Confidential Computing (or Trusted Execution Environments - 'TEE') ensures computation confidentiality through mechanisms of memory encryption at the hardware level. Applications being executed and data being processed are safeguarded against even the most privileged access levels (OS, Hypervisor...). Only authorized code can run inside this protected area and manipulate its data.

In some cases, ensuring that code runs correctly without any third party altering the execution, is even more important than hiding the computation's data. This concept is called Trusted Computing.

These guarantees are critical for a decentralized cloud where code is being executed on a remote machine, that is not controlled by the requester. They are also required to prevent leakage while monetizing data sets.

Intel® Software Guard Extension (Intel® SGX)

Intel® SGX is a technology that enables Trusted and Confidential Computing. At its core, it relies on the creation of a special zone in the memory called an “enclave”. This enclave can be considered as a vault, to which only the CPU can have access. Neither privileged access-levels such as root, nor the operating system itself is capable of inspecting the content of this region. The code, as well as the data inside the protected zone, is totally unreadable and unalterable from the outside. This guarantees non-disclosure of data as well as tamper-proof execution of the code.

An application's code can be separated into "trusted" and "untrusted" parts where sensitive data is manipulated inside the protected area.

Enclave

In confidential computing jargon, an "enclave" is the special memory zone protected by the CPU. For simplicity's sake, we can refer to private regions of memory defined by Intel® SGX application as "enclaves".

Remote attestation

As explained by Intel, the remote attestation is the process that happens before any exchange between a remote provider and an enclave. It allows the provider to verify that the expected software is running in an Intel® SGX-protected way, as well as getting other details about the application being attested. If the attestation is successful, a secure communication channel is established between the provider and the enclave, and secrets can safely land in the latter.

Confidential Computing with iExec

At iExec we do not develop Intel® SGX frameworks, but rather we integrate state of the art solutions developed by other specialists. Currently, the SCONE framework has been integrated into our platform. We are actively working on supporting Gramine.

SCONE Framework

Kernel services and system calls are not available from an Intel® SGX enclave as the OS is not a part of the trusted computing base (TCB) in Intel® SGX. This can be limiting as your application will not be able to use sockets or the file system directly from code running inside the enclave. To resolve this, and reduce the burden of porting your application to Intel® SGX, we can use use the SCONE framework.
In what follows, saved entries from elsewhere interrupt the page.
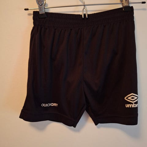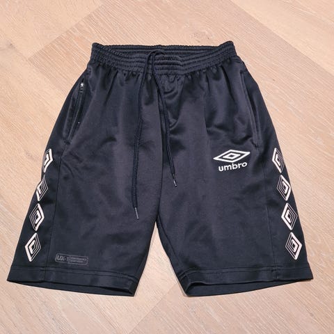 Umbro treningsshorts i svart farge, størrelse M. Shortsen har elastisk linning med snøring for justerbar passform. Laget i et lett og glatt materiale som egner seg til trening, fotball og annen fysisk aktivitet. Umbro-logo på siden av benet. Glidelås i lommene
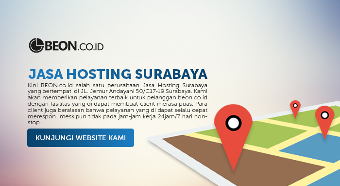 Tidak bisa dipungkiri Kota Surabaya yang menjadi Kota terbesar kedua di Indonesia memiliki banyak potensi, termasuk bisnis. Salah satu yang sedang berkembang saat ini adalah berbagai bisnis yang sudah mulai Go Online. Berbisnis online memang membutuhkan banyak kebutuhan, salah satunya yaitu sebuah hosting untuk kepentingan website bisnis kita. Saat ini di kota Surabaya sudah tidak perlu lagi bingung mencari Jasa Hosting Surabaya. Karena Beon.co.id yang notabennya merupakan sebuah perusahaan hosting yang terletak di Kota Pahlawan ini.
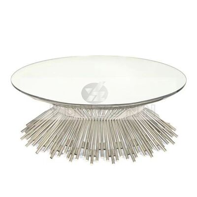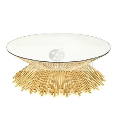 Divine Luxury Coffee Table with Wire Metal Base and Mirror Top Designer Living Room Furniture and Home Decor Centerpiece |
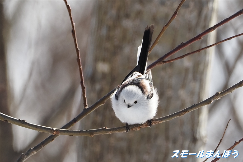飛ぶ素振りをして止めたシマエナガ
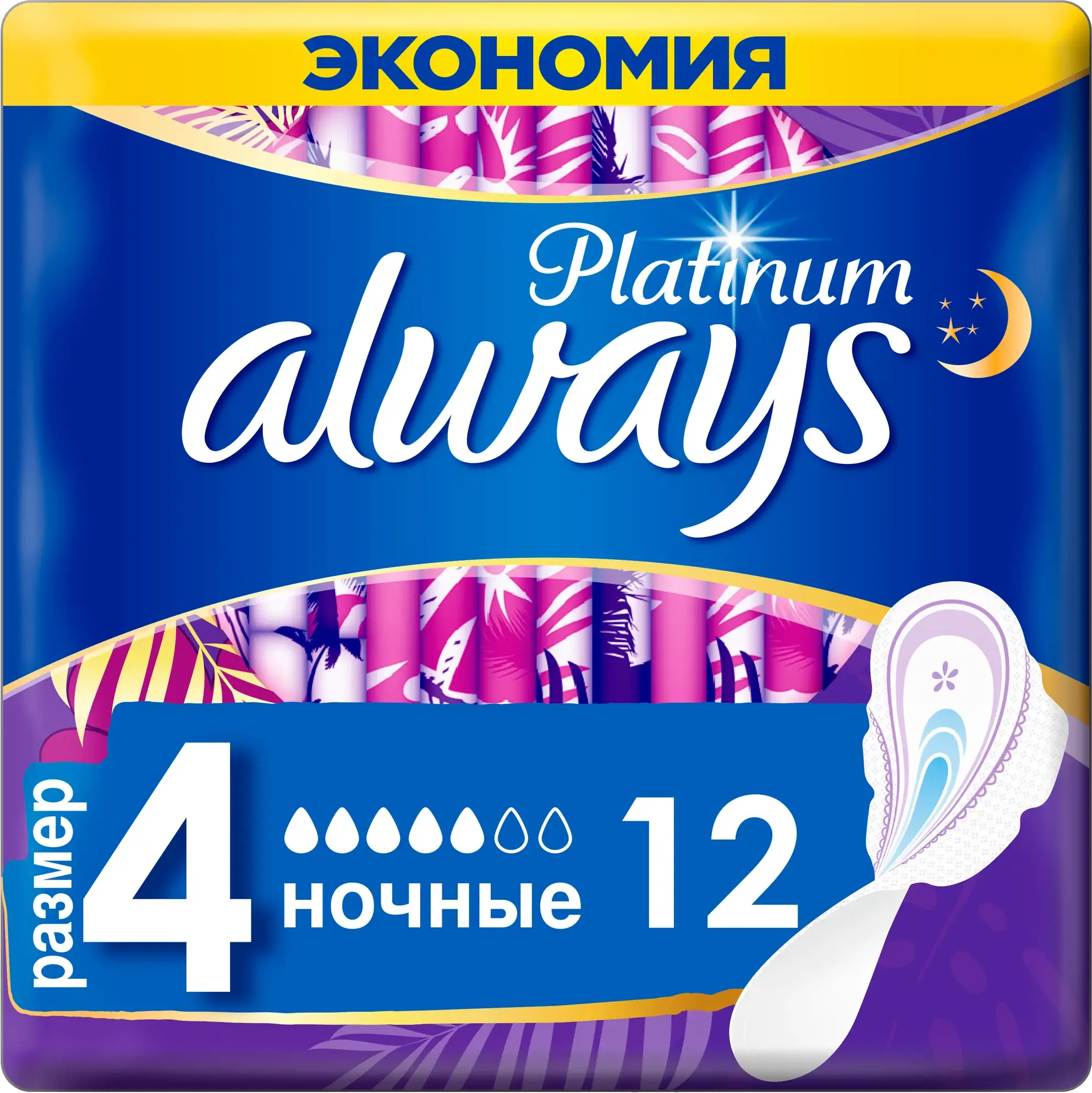 Always Platinum более комфортны (по сравнению с Always Ultra) благодаря тысячам микроподушечек и новым, мягким как шелк крылышкам. Они также обеспечивают лучшую защиту (по сравнению с Always Ultra) благодаря защитным боковым барьерам и ультравпитывающему внутреннему слою, который запирает влагу внутри. Always Platinum Ночные (Размер 4) с крылышками рекомендованы для ночного использования или для дневного использования при обильных выделениях.
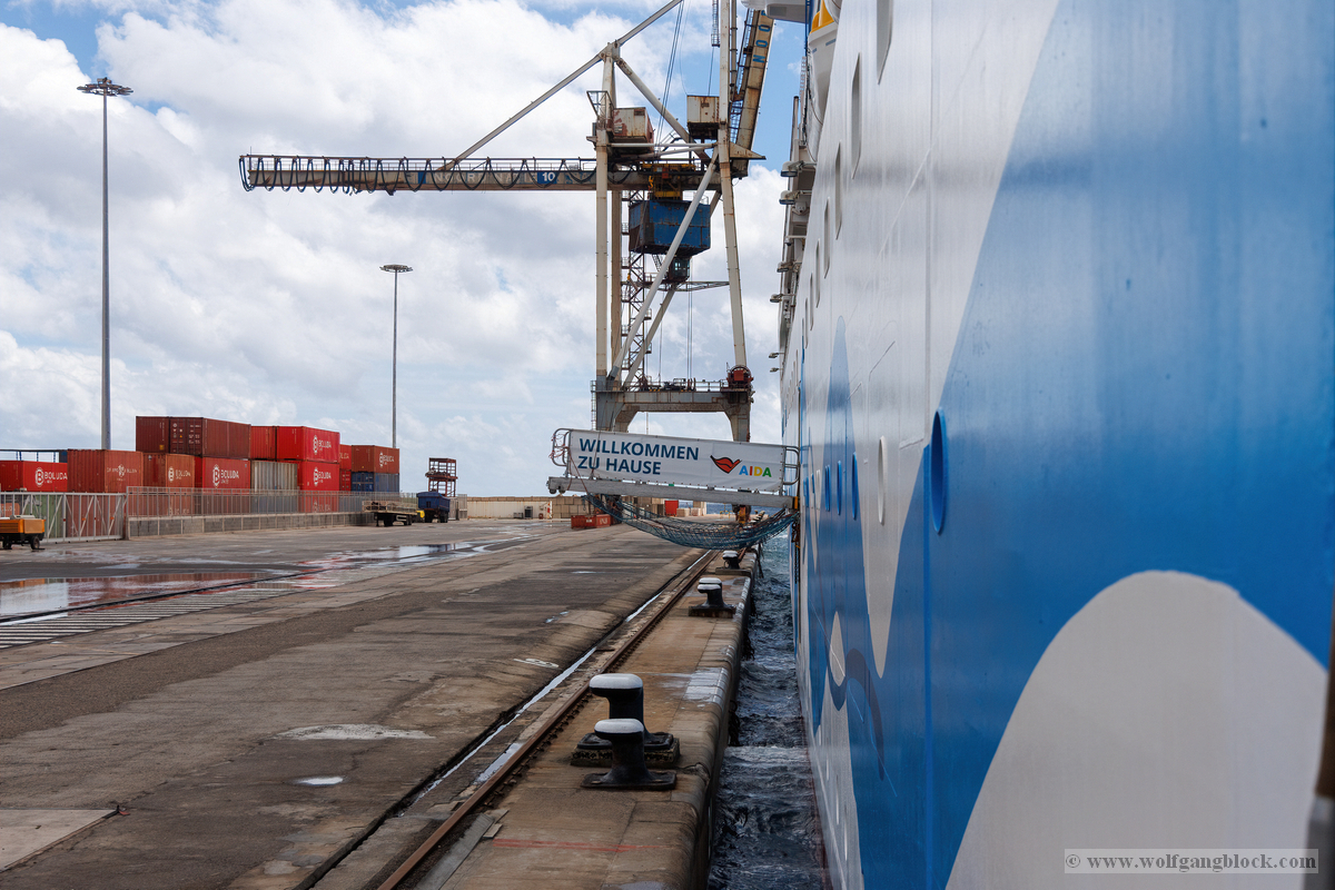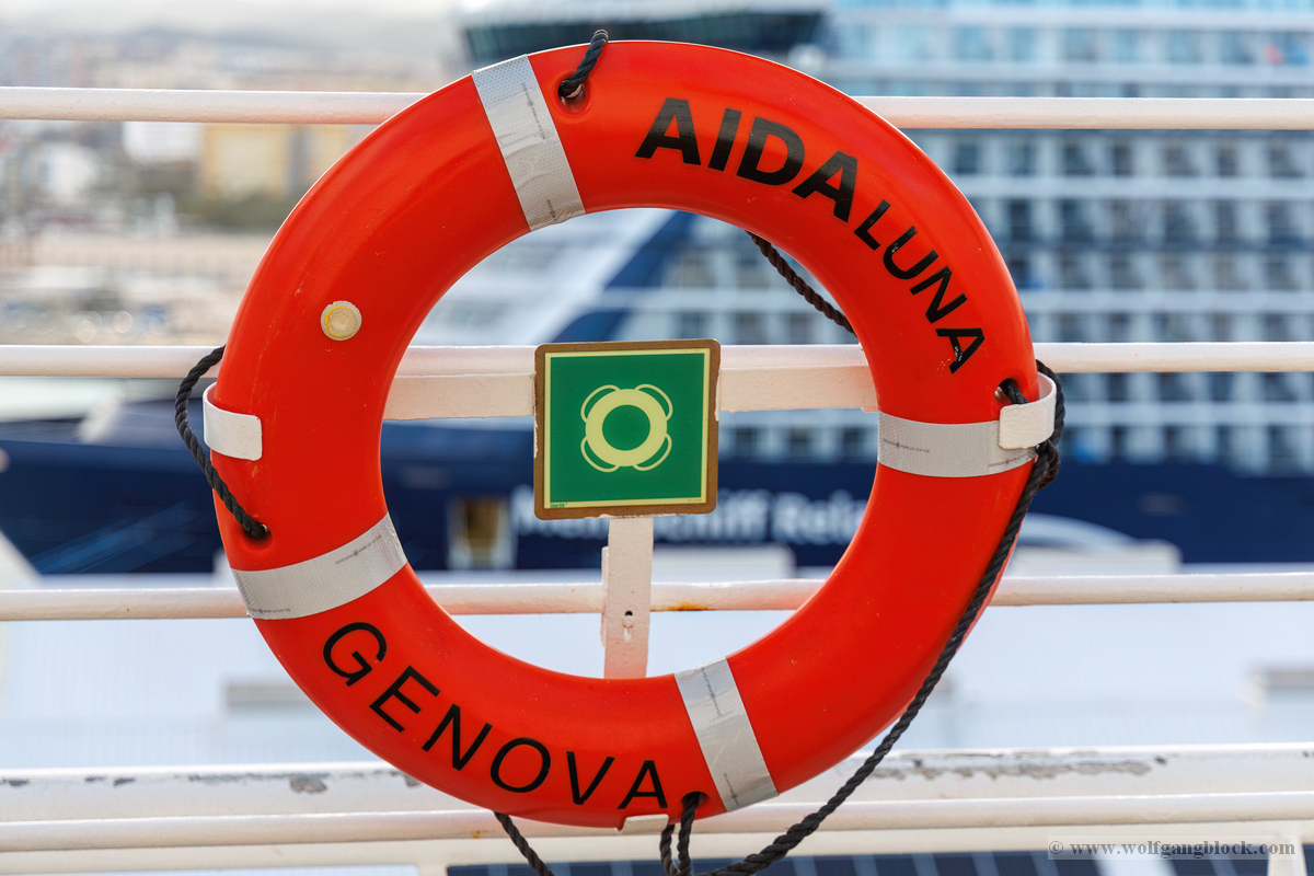 Von der Reling aus boten sich spektakuläre Weitwinkel-Perspektiven auf den Hafen von Las Palmas. Besonders beeindruckend war der direkte Vergleich der Größenverhältnisse: Direkt unter uns lag das moderne Cruise Terminal mit seinen Solarpaneelen, während ein Dock weiter die gewaltige Silhouette der „Mein Schiff Relax“ den Horizont dominierte. Ein roter Rettungsring mit dem Schriftzug „AIDAluna GENOVA“ im Vordergrund gab den Bildern die nötige maritime Rahmung und erinnerte uns daran, dass wir uns nun auf einem Schiff unter italienischer Flagge befanden. Der Rundgang führte uns bis ganz nach vorne an den Bug und weit nach hinten zum Heck, wo bunte Signalflaggen im Wind tanzten. In der Ferne ragten die massiven Verladekräne des Containerhafens wie stählerne Dinosaurier in den Himmel – ein künstlicher, industrieller Kontrast zur eleganten Welt der Kreuzfahrt. Wir saugten diese ersten visuellen Eindrücke förmlich auf; jede Ecke des Schiffs schien nur darauf zu warten, durch das Objektiv der R6 II verewigt zu werden.
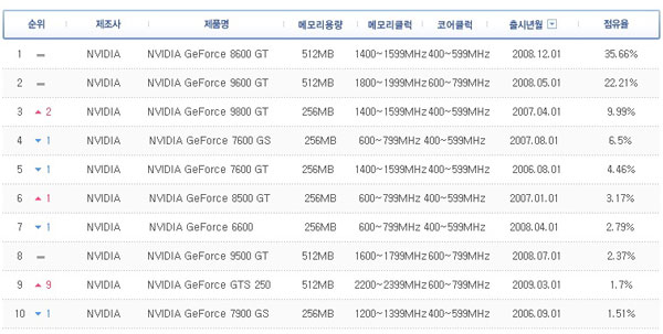 ±×·¡ÇÈ Ä«µåÀÇ °æ¿ì ¿©ÀüÈ÷ ¿£ºñµð¾ÆÀÇ ÁöÆ÷½º Á¦Ç°±ºÀÌ ¾ÐµµÀûÀÎ ¸ð½ÀÀ» °è¼Ó º¸À̰í ÀÖ´Ù. 1~10À§±îÁö ¸ðµÎ ÁöÆ÷½º°¡ Â÷ÁöÇÑ °ÍÀº ¹°·Ð 20À§±îÁö »ìÆìºÁµµ AMDÀÇ Á¦Ç°Àº HD3800°ú HD4670À» Á¦¿ÜÇϰí´Â ¾ÆÁ÷±îÁö ½ÃÀå¿¡ Å« ¿µÇâÀ» ¹ÌÄ¡°í ÀÖÁö ¸øÇÑ °ÍÀ¸·Î ³ªÅ¸³µ´Ù.
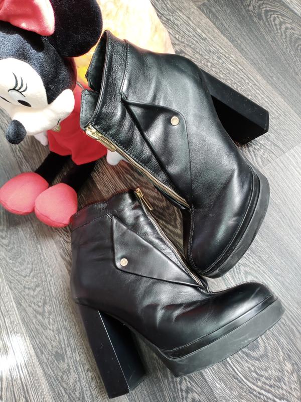 шкіряні демосезонні ботінки б/у, чорного кольору з золотими замочками, збоку є робочий замочок, високий каблук

At a high-level SCONE provides a C standard library interface to container processes. System calls are executed outside of the enclave, but they are shielded by transparently encrypting/decrypting application data: files stored outside of the enclave are therefore encrypted, and network communication is protected by transport layer security (TLS). With SCONE you can make your application compatible with Intel® SGX without modifying the source code. You need just to prepare your application's docker image based on one of the curated lists of images provided by SCONE.

Terminology

MrEnclave: (In short; It is the id of an enclave)

The MrEnclave is a hash value that identifies every enclave. It is obtained from the content of memory pages and access rights. After you build your SCONE app, you will get its fingerprint, the MrEnclave is the last part of that fingerprint.

FSPF (File System Protection File)

In addition to identifying the code, SCONE, also, takes a snapshot of the file system state. This guarantees that we cannot alter the enclave by modifying its files' state. To do this, scone uses two parameters the FSPF_KEY and FSPF_TAG.

Application's fingerprint

It is the concatenation of the MrEncalve, the FSPF_KEY and the FSPF_TAG separated by a "|". You should use this when deploying your application on the Blockchain. The SMS uses this as a reference to evaluate the state of client enclaves and whether they should get secrets or not.

Secret Management Service (SMS)

With the integration of SCONE in iExec, you do not need to worry about remote attestation. We do that for you, we guarantee that the code is running inside an enclave. But that is not all, we also verify that the enclave asking for secrets is authorized to do so. Hence, we implemented a component to handle the permission management for those secrets. You guessed it, it is the SMS! The SMS queries the blockchain and determines, for each task, the required secrets and provisions them on the fly.

Unquestionably, the SMS is a critical component. That's why it runs inside an enclave.

How does it work?

We explain the process of how to make your trusted application using iExec in details in the next chapter. Here is a quick general overview:

Trusted application: First things first, choose a base docker image for your use case. We provide a template Dockerfile so you would, just, add your specific requirements and dependencies, then build your image. Push your docker image somewhere accessible and deploy your application on the blockchain with the correct image URI and fingerprint.

Confidential dataset: To make your dataset available on iExec, you should first encrypt it using the SDK, before making the encrypted file publicly available. Deploy your dataset on the blockchain, then, push the encryption key into the SMS where it is securely saved (protected by an enclave, which means even we, the root-privilege user, cannot access it). Only applications you have authorized can get this key.